*COLLECTED MATERIAL*.
= Beginning of Section =

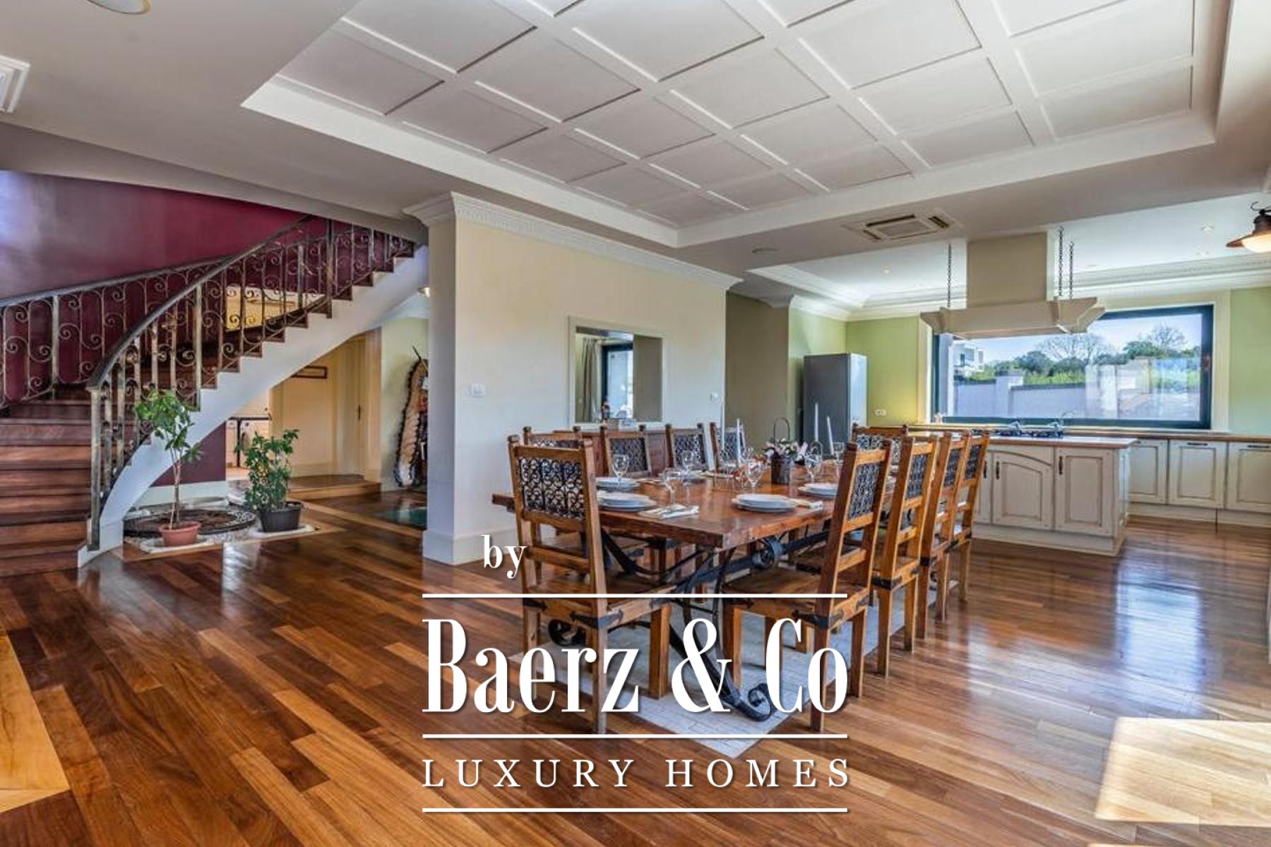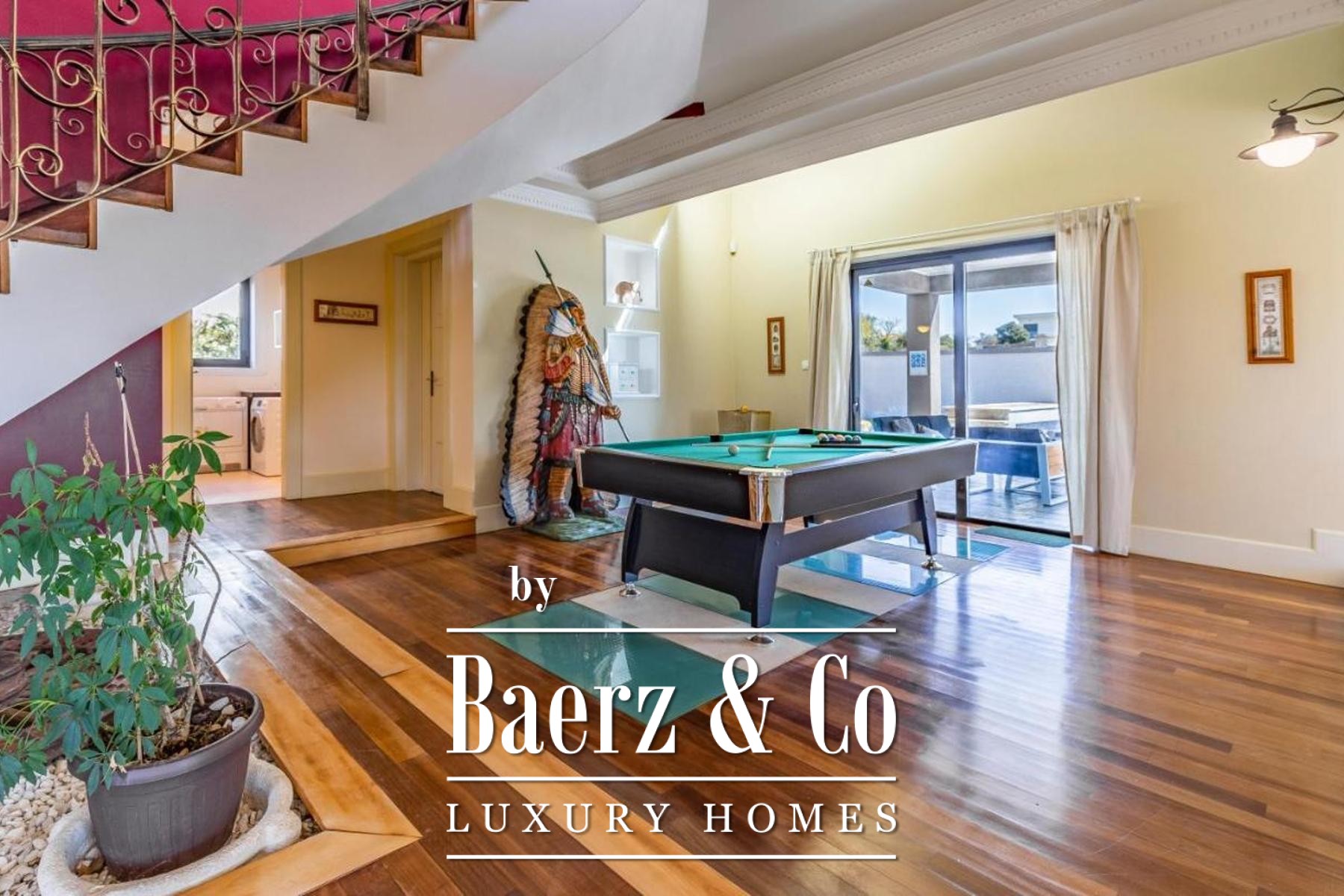 Tall glazed doors invite the landscape into each room and lead to a terrace overlooking a 60 m² swimming pool, with manicured gardens enveloping the 900 m² plot. The upper floor introduces three additional bedrooms, one with en suite bath, all opening onto a generous terrace. A dedicated recreation space fosters an elevated pace of life.
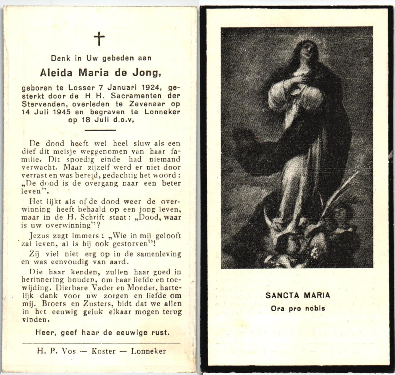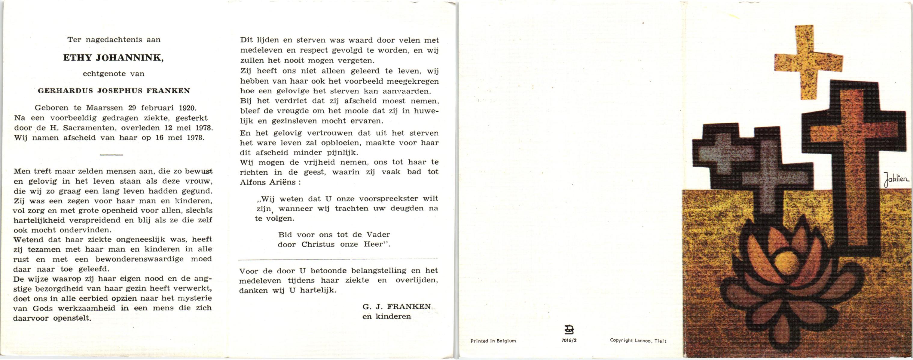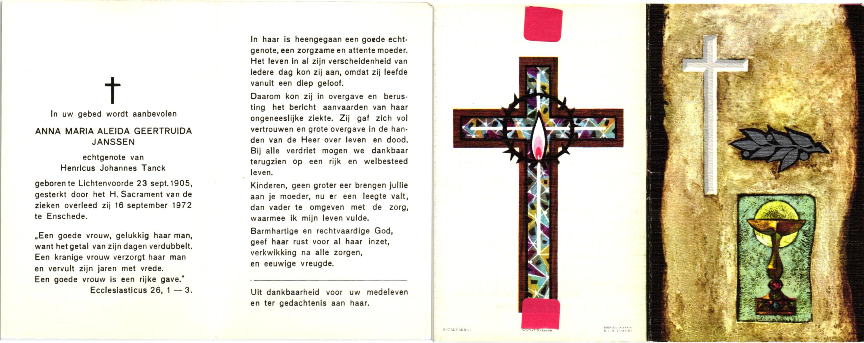 JANSSEN, Aldegonda Hubertina, geboren op 10-1-1905 te Beegden (L), overleden op 7-11-1977 te Enschede op 72-jarige leeftijd, begraven op 11-11-1977 te Enschede.
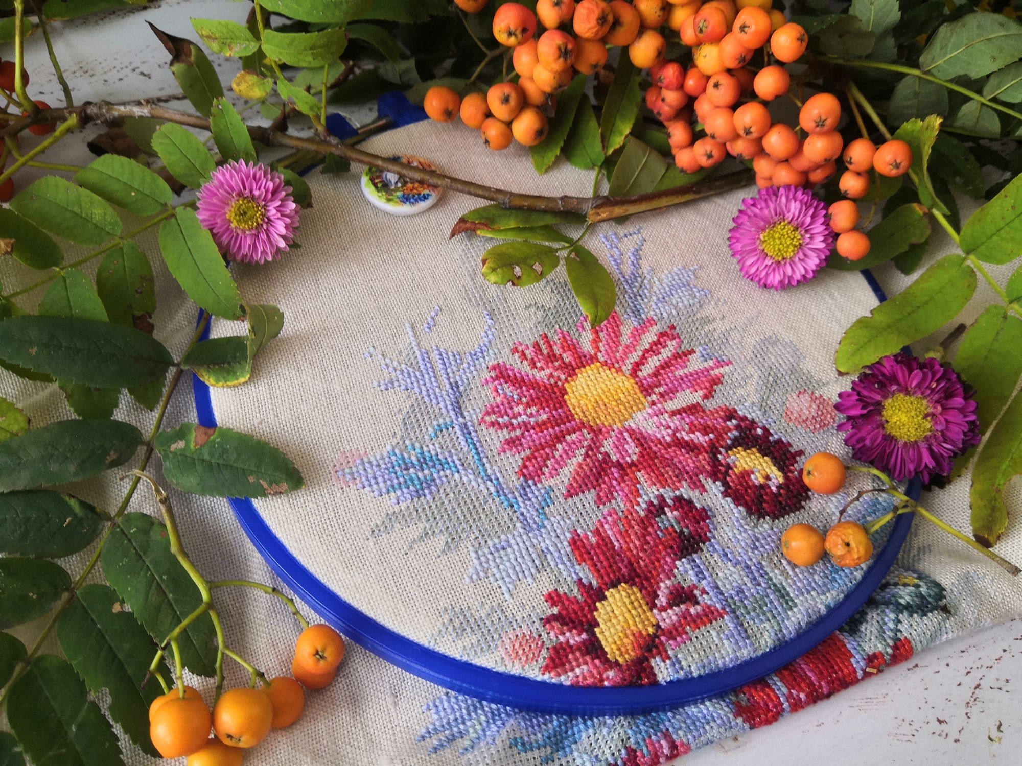23 октября 2022 Доброго времени суток всем! Несмотря на абсолютно несъемочную погоду, совершенно не подходящую для фото, я всё - таки решила притащить отчёт сегодня. Поэтому сразу честно признаюсь: снимала за полчаса до заката сегодняшнего пасмурного дня, пытаясь выправить ситуацию дополнительным светом и пост-обработкой, так что цвета на фото могут немного "гулять" от настоящих. Наверное, однажды я пересниму эту работу более интересным кадром, сегодняшний меня устраивает далеко не на все 100 процентов. Но, по всей видимости, у неё такая карма - не устраивать меня в каких-то отношениях от самого старта до финиша. Чем ещё объяснить то, что дизайн в 9000х я вышивала больше 4 лет? И, если бы не нашла перенабор, то, полагаю, и все 6 лет бы могла вышивать. Итак, барабанная дробь.... Красные хризантемы от Марьи Искусницы. Было Стало Зеленим гаечку. Ох, сколько же моей кровушки попил этот дизайн! Вроде бы на первый взгляд ничего сложного, но когда видишь схему.... Мама родная, да у меня Хаед на 80% участков проще вышивается. Особенно сильно я возмущалась в конце работы. Ну зачем пихать в эти маленькие бутончики столько оттенков? Да их же пополам можно вполне сократить без особого ущерба для красоты дизайна. Из плюсов - бек относительно крестиков очень простой, нитки приятные, к основе попривыкнуть надо. В общем, если бы не схема, то вполне нормальный набор получился бы, а так мне пока хочется убрать его на какое-то время с глаз долой и остыть. Радуют два момента : итоговый результат вполне себе красивый, и этот дизайн наконец-то убрался из списка моих процессов. Для справки : раньше него у меня только 2 процесса начаты - Водолейка и Садовые розы. Однажды я закончу и их, а пока снова вернулась к любимому числу начатых процессов - 13. Хорошей всем недели и пусть все долгострои обязательно дошиваются. Marusya1978, Nyurka-86, Беладонна и 7 других сказали спасибо Поделиться сообщением Ссылка на сообщение
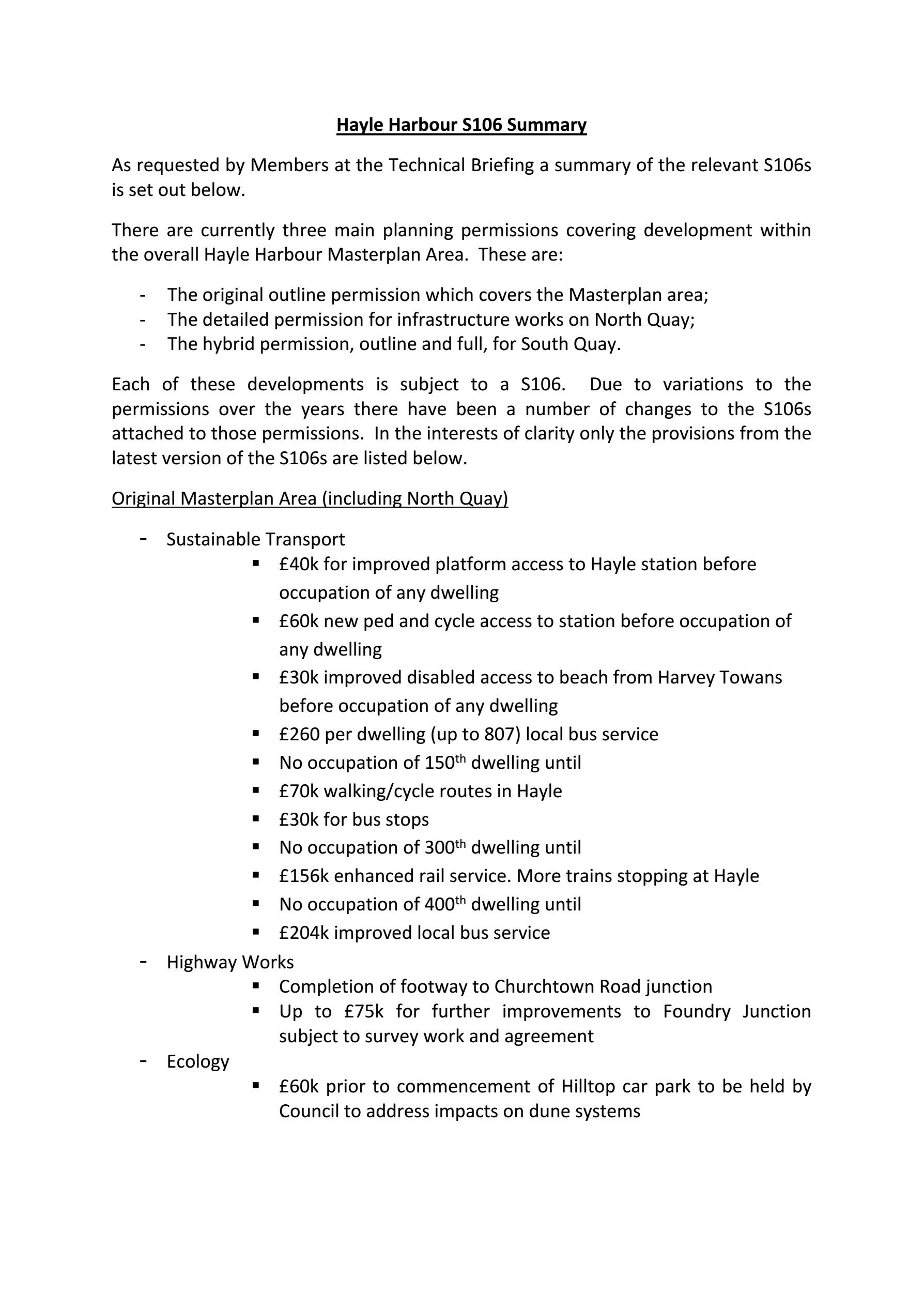 190502 | Hayle Harbour S106 Summary | Strategic Planning Meeting | PA18/04577

= End of Section =

*TASK*. Each line, from the beginning of the listing to the line bearing "JANSSEN, Aldegonda Hubertina, geboren" inclusive, should be copied exactly; the pictures stay out.

*SOLUTION TO THIS TASK*.
 Tall glazed doors invite the landscape into each room and lead to a terrace overlooking a 60 m² swimming pool, with manicured gardens enveloping the 900 m² plot. The upper floor introduces three additional bedrooms, one with en suite bath, all opening onto a generous terrace. A dedicated recreation space fosters an elevated pace of life.
 JANSSEN, Aldegonda Hubertina, geboren op 10-1-1905 te Beegden (L), overleden op 7-11-1977 te Enschede op 72-jarige leeftijd, begraven op 11-11-1977 te Enschede.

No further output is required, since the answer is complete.